Dan Goggin’s goofy musical “Nunsense,” now at Hale Center Theater Orem, is about a group of nuns who must put on a show in order to raise money to bury a bunch of their sisters who died after eating bad soup at the convent.
Fifty-two died; only 48 were buried, though, before the Mother Superior spent the rest of the convent’s money on a DVD player. Until the burial money is raised, the remaining four dead nuns are being kept in the freezer — until the Board of Health finds out, that is.
If this sounds like an extraordinarily distasteful storyline for a musical, well, you’re right. (I won’t even mention the part where one of the nuns accidentally gets high on inhalants.) But its outlandishness can be forgiven when presented in such a whimsical, giddily morbid fashion. There is something inherently funny about seeing women dressed in full nun regalia dancing around like the Rockettes (one of them even does a cartwheel!), and you have to respect a show about nuns that, by its own admission, never stoops to doing “penguin jokes.”
“Nunsense” is the name of the show that five of the surviving nuns are putting on, and we are their audience for that show (they therefore assume we’re all Catholic, by the way). We also see some behind-the-scenes drama, though, as the street-wise Sister Mary Robert Anne wants to do her own number; Sister Mary Amnesia struggles to remember who she was before a crucifix fell on her and wiped out her memory; Sister Mary Leo wants to be a ballerina; and Sister Mary Hubert wants to be Mother Superior.
There are some wonderful jokes and one-liners. While thumbing through the convent’s cookbook “Baking with the Blessed Virgin Mary,” they find Mary Magdalene Tarts, which two of the sisters observe must be “easy and cheap” to make.
The only potential problem with the show is its mockery, sometimes gentle and sometimes quite pointed, of Catholicism. When it’s being done by Catholics for a Catholic audience, everyone can laugh together. But there’s something uneasy about Mormons making fun of Catholics for a Mormon audience — and the fact that the Mormon audience laughs really hard at it.
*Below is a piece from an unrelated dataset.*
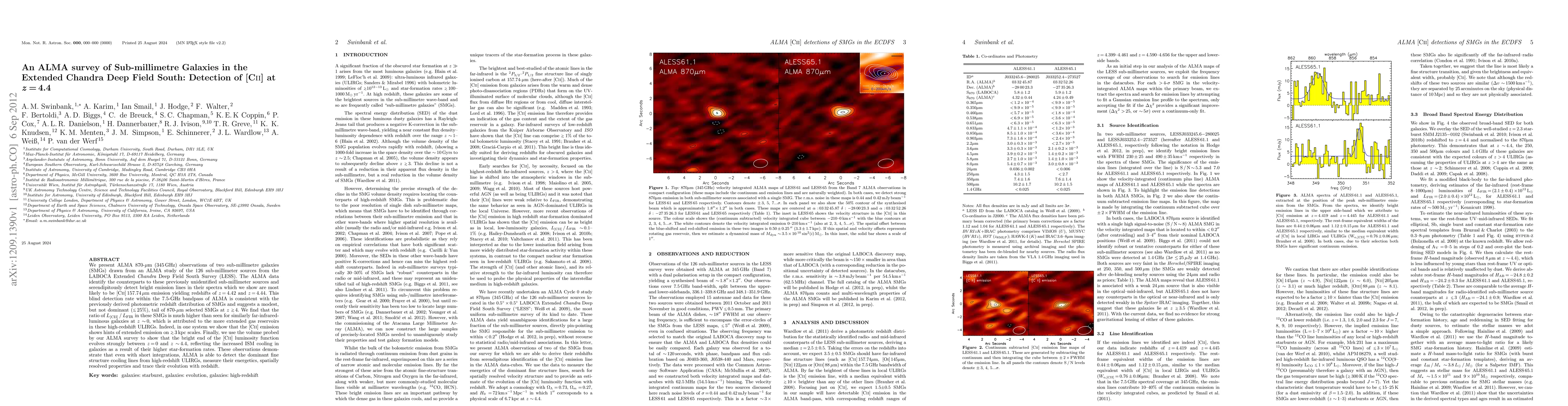 We present ALMA 870-um (345GHz) observations of two sub-millimetre galaxies (SMGs) drawn from an ALMA study of the 126 sub-millimeter sources from the LABOCA Extended Chandra Deep Field South Survey (LESS). The ALMA data identify the counterparts to these previously unidentified sub-millimeter sources and serendipitously detect bright emission lines in their spectra which we show are most likely to be [C II]157.74um emission yielding redshifts of z=4.42 and z=4.44. This blind detection rate within the 7.5-GHz bandpass of ALMA is consistent with the previously derived photometric redshift distribution of SMGs and suggests a modest, but not dominant (<25%), tail of 870-um selected SMGs at z>4. We find that the ratio of L_CII/L_FIR in these SMGs is much higher than seen for similarly far-infrared-luminous galaxies at z~0, which is attributed to the more extended gas reservoirs in these high-redshift ULIRGs. Indeed, in one system we show that the [C II] emission shows hints of extended emission on >3kpc scales. Finally, we use the volume probed by our ALMA survey to show that the bright end of the [C II] luminosity function evolves strongly between z=0 and z~4.4, reflecting the increased ISM cooling in galaxies as a result of their higher star-formation rates. These observations demonstrate that even with short integrations, ALMA is able to detect the dominant fine structure cooling lines from high-redshift ULIRGs, measure their energetics and trace their evolution with redshift.

I would bet that if Catholics did a show in this valley making fun of Mormonism, it wouldn’t go over very well. People would get all huffy and righteously indignant and say, “How dare you make fun of our religion,” and “That’s just not funny.” (Of course, in an ideal world, everyone would just take the joke and be fine with it.) I’d be curious to see a Catholic’s reaction to “Nunsense,” as performed by LDS people in an LDS community.
The show is double-cast, and two of the Friday performers were filling in when I saw it on a Thursday. This makes reviewing individual performers difficult, because while some of the onstage chemistry was a bit off, it’s probably because members of both casts, not used to working together, had to work together (which is Reason No. 1 not to double-cast your show — or if you do, to keep the casts separate.)
Ignoring any notions of religious implications or political correctness, the show is audaciously funny, deftly staged and directed by Sister Mary Syd Riggs (as the program calls her), and energetically performed by five women in costumes that are probably nun-too-cool to be hopping around in.
One of the most amusing aspects of this show was the program, in which every cast and crew member's name was preceded by "Sister Mary." So the director was "Sister Mary Syd Riggs" (just Syd Riggs in real life), and the costumes came from "The Order of Archive Costumes, Orem, Utah Diocese." I enjoy cleverness in a show's program.